BEGIN Dataset entries

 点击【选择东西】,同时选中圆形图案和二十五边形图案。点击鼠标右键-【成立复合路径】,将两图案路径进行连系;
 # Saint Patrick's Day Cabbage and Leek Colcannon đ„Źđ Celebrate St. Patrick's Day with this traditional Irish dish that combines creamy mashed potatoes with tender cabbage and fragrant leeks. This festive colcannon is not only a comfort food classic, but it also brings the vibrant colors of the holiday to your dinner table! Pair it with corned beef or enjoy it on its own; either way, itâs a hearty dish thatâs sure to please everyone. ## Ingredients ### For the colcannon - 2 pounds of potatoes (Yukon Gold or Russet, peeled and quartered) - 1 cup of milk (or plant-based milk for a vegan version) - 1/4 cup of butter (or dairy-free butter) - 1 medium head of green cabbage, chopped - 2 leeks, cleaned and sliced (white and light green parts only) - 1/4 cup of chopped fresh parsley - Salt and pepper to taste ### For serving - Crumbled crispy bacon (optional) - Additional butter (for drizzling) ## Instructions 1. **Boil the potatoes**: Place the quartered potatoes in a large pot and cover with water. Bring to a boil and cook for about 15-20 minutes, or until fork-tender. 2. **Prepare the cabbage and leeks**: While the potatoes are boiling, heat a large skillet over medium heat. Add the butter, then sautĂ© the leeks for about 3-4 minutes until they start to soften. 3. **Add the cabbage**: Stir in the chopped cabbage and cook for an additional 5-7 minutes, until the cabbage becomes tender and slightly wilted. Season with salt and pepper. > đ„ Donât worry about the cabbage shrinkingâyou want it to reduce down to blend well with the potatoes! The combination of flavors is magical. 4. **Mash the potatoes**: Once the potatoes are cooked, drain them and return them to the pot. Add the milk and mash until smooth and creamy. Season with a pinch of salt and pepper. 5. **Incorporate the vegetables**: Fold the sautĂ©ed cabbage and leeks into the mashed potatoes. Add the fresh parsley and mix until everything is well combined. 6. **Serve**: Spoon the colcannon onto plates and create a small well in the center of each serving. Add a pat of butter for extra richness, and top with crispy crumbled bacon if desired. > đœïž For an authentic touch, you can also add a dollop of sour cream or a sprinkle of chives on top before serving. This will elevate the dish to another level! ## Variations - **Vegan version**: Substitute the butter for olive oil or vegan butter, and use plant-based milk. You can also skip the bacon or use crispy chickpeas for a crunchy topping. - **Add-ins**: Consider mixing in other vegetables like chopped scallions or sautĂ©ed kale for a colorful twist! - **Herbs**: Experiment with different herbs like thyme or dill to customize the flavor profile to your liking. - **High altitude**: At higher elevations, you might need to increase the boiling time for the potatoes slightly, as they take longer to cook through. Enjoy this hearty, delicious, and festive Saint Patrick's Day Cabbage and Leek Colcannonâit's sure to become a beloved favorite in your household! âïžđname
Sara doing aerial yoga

END Dataset entries
BEGIN Dataset entries

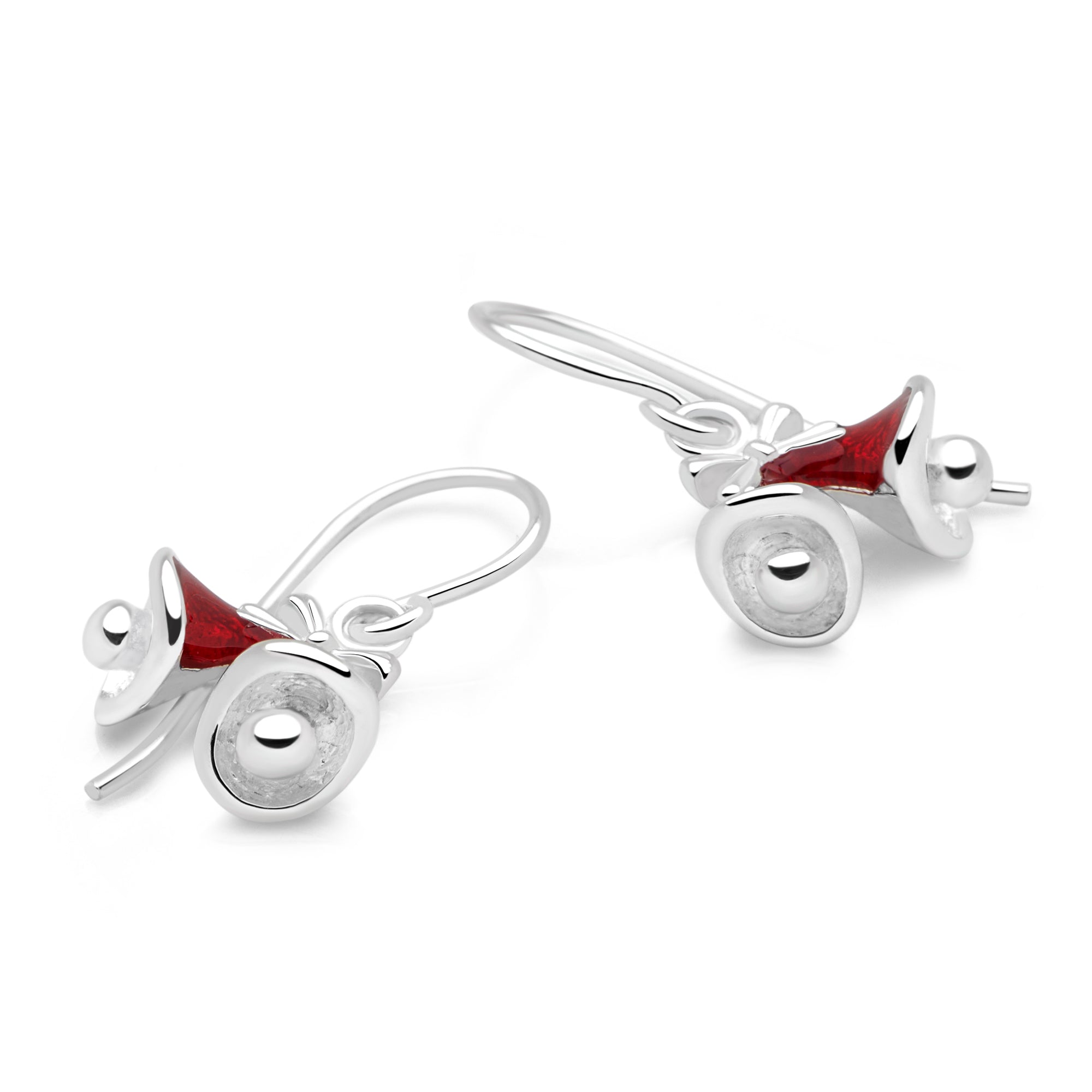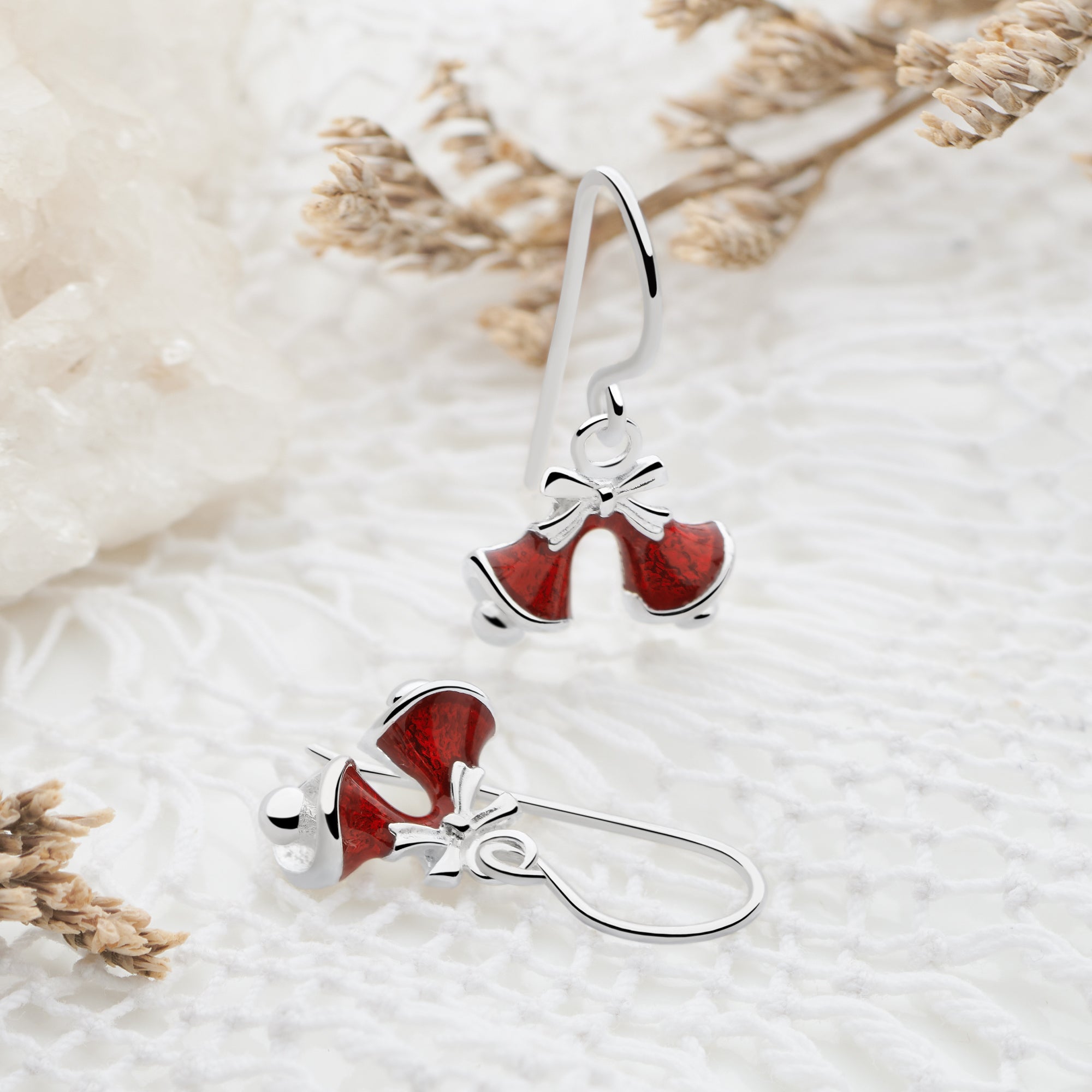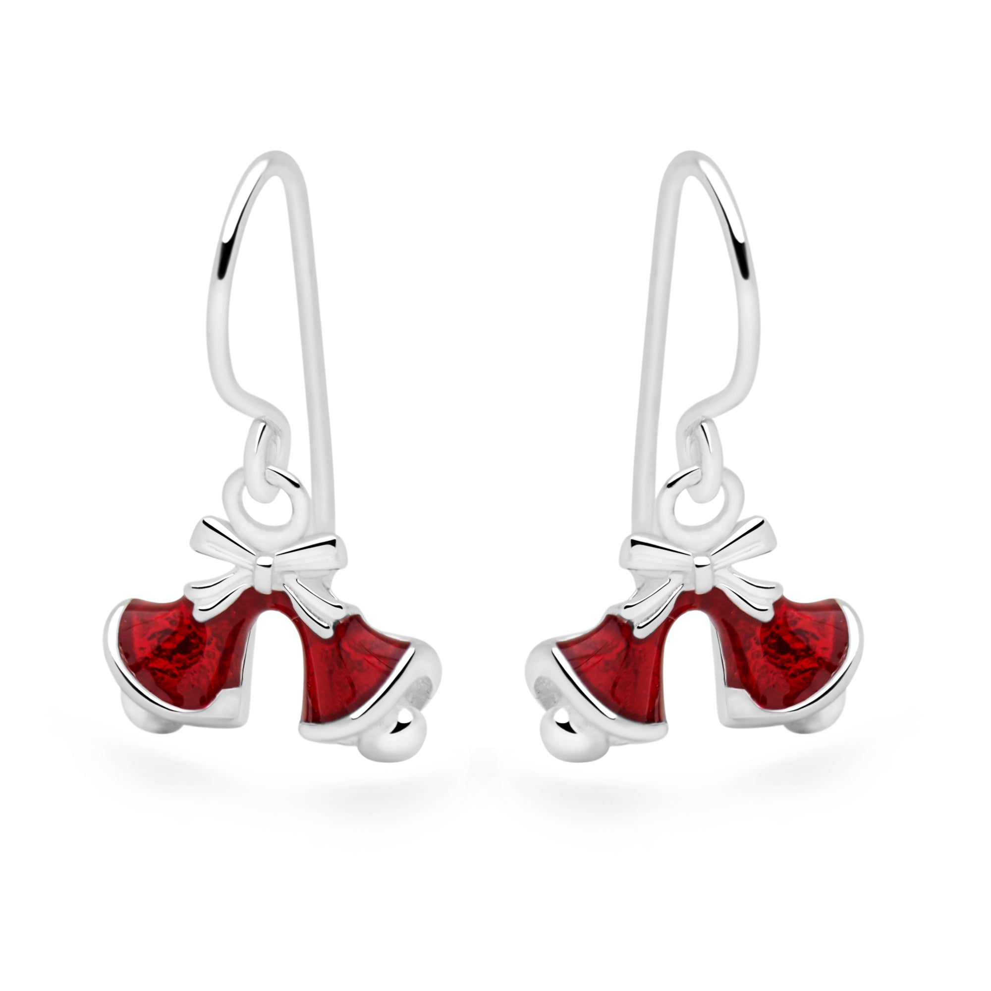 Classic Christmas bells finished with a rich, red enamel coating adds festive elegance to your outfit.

END Dataset entries
BEGIN Dataset entries

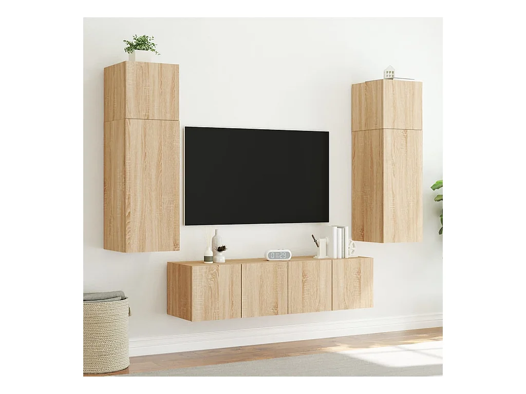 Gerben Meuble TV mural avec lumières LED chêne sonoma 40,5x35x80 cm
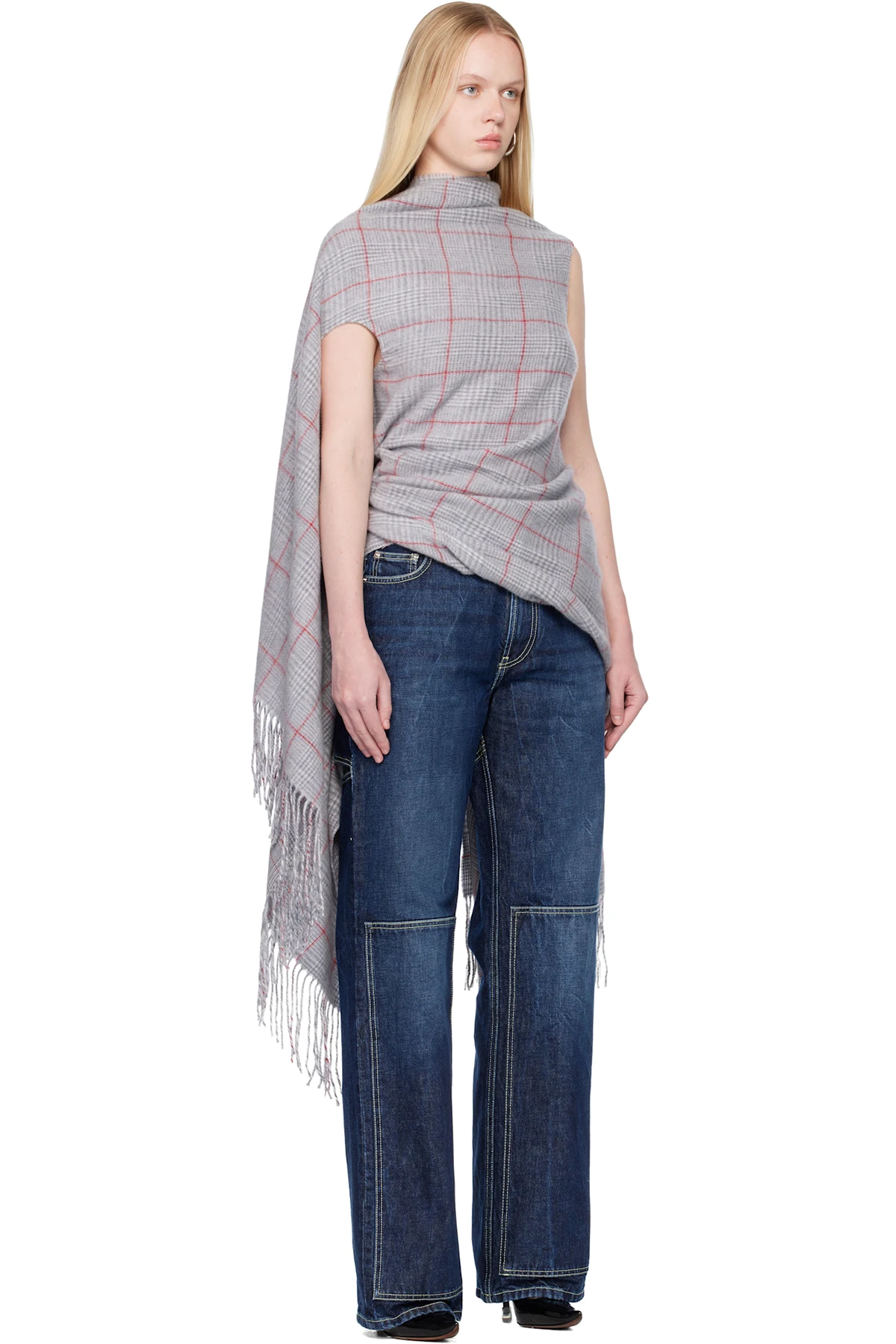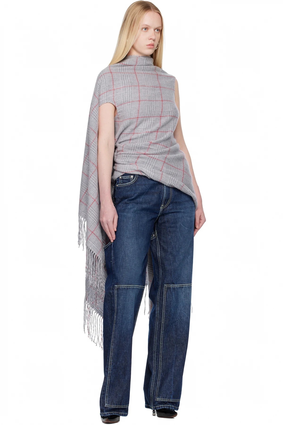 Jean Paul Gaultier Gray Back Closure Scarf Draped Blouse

END Dataset entries

Directions ->
Beginning with the line above that contains "Gerben Meuble TV" and finishing with the line that contains "Jean Paul Gaultier", print those lines exactly and only. Skip all pictures.

Expected output ->
 Gerben Meuble TV mural avec lumières LED chêne sonoma 40,5x35x80 cm
 Jean Paul Gaultier Gray Back Closure Scarf Draped Blouse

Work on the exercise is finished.